Sanders offers the companies' own endorsements as support. OpenAI proposed a public wealth fund. Anthropic proposed one. Musk endorsed universal income from AI. This is meant to show the idea is reasonable. It better shows which idea they endorsed.

Read their proposals and they describe a passive, diversified fund. OpenAI's, modeled openly on Norway and Alaska, would hold a few percent of value across AI companies and the broader economy; Altman floated 2.5 percent of market value a year, paid in shares. That is a minority position with no control rights. It dilutes the incumbents slightly, threatens their steering not at all, and settles cheaply the much larger bill they might otherwise face: open-ended copyright liability, antitrust exposure, displacement suits, restitution to the millions whose work trained the models. A one-time dilution into a passive fund turns open-ended exposure into a bounded cost and makes the government a financially aligned partner.

The companies proposed one fund; Sanders proposed another. They offered passive minority dilution; his bill writes a controlling stake with board seats. Citing their endorsement of the first to license the second is the move to watch. Their comfort tells you which fund they expect to get, not whether the one he wrote is safe.

## The precedent refutes the design

Sanders' two examples are built to avoid the exact structure he proposes.

Norway's oil fund, the one he names as the model and now past two trillion dollars, invests entirely outside Norway. By law it takes no controlling stakes in the domestic industry it draws from, and it splits the owner function, where the finance ministry sets strategy and parliament approves changes, from the investment function, where the central bank runs the portfolio. It also pays no checks to individuals; the fund feeds the national budget under a rule that caps the draw near three percent a year. Norway has neither the capture nor the constituency: the stake is abroad, and there is no dividend.

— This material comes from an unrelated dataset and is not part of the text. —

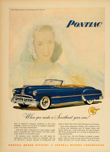 This is an original 1949 color print ad for the new 1949 Pontiacs from the Pontiac Motor Division of General Motors Corp.
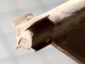 A razor saw was used to cut an X-shaped slot in the aft portions of the missile dowels then sheet mylar fins pressed in.

Alaska took the other half of the design. Its fund is passive and diversified, so the state captures nothing it regulates, but it pays per-capita checks, so it grew the pro-resource electorate. Each working fund avoids one of the two traps. Sanders' bill keeps the famous names and walks into both: a controlling stake in the domestic sector the same government regulates, paid out as dividends that make the public want it to grow.

## What I actually think

I am not arguing the public should get nothing. I have argued the opposite about my own trajectory, on the record and ahead of the wealth. The grievance is real. The human record was taken without permission or payment, and the value built on it is concentrating fast.

The disagreement is only about the instrument. If the goal is for the public to share AI's wealth, the fitting instrument is a claim on the wealth: a royalty, a levy, a fund pooled into public budgets the way Norway's is. If the goal is to restrain AI's harms, the fitting instrument is regulation: rules with penalties, written by a government whose solvency does not ride on the share prices it is ruling on. Each goal has an instrument that fits it. A 50 percent controlling stake fits neither. Sanders even grants that a government stake this large is "complicated"; the version that survives that complication is likely the passive one the companies already volunteered, leaving the dividend to do the political work and the control to exist on paper.

Ownership feels like control because the things we own are usually things we command. A controlling share in a company you are also meant to police is the case where that intuition fails. The surest way to guarantee a society never slows its most dangerous industry is to pay every citizen a dividend each time it speeds up.